» TASK REQUIREMENTS:
Return only the lines below starting at the line containing "bauds (8N1). |" and ending at the line containing "熱烈祝賀海南長春花藥業(yè)有限公司獲得高新技術(shù)企業(yè)證書", both included, exactly as they are and with no pictures.

» EXERCISE MATERIAL:
________________
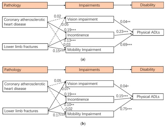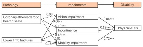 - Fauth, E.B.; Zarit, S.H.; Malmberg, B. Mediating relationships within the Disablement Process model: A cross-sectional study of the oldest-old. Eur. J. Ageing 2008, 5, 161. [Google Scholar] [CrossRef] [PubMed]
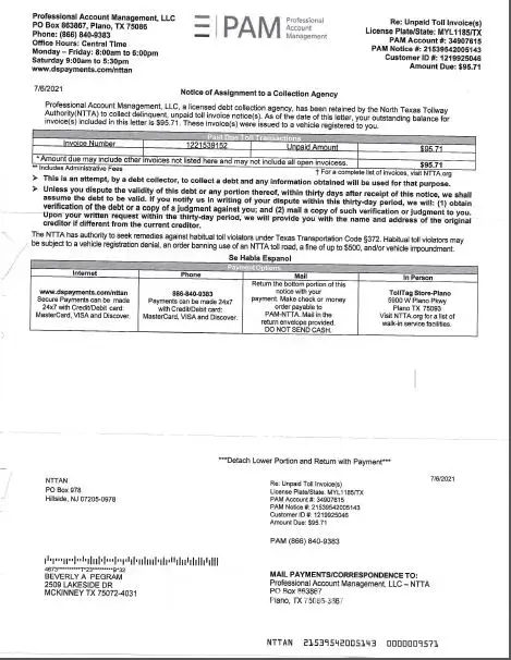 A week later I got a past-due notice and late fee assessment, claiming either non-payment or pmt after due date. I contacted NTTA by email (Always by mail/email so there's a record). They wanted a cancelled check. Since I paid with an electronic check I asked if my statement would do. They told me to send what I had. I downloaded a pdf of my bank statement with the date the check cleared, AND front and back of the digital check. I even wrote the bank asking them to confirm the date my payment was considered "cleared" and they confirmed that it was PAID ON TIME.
________________
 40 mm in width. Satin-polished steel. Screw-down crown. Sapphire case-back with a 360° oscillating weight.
________________
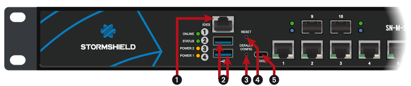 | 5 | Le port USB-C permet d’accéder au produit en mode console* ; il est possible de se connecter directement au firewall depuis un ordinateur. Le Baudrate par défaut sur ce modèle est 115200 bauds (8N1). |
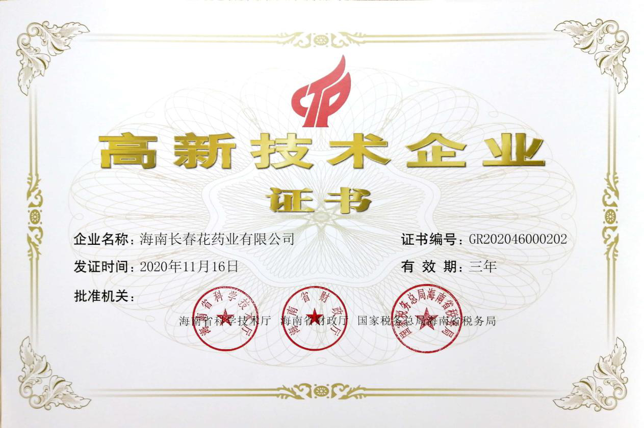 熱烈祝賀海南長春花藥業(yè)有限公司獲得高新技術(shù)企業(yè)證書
________________
» THE COMPLETED TASK:
 | 5 | Le port USB-C permet d’accéder au produit en mode console* ; il est possible de se connecter directement au firewall depuis un ordinateur. Le Baudrate par défaut sur ce modèle est 115200 bauds (8N1). |
 熱烈祝賀海南長春花藥業(yè)有限公司獲得高新技術(shù)企業(yè)證書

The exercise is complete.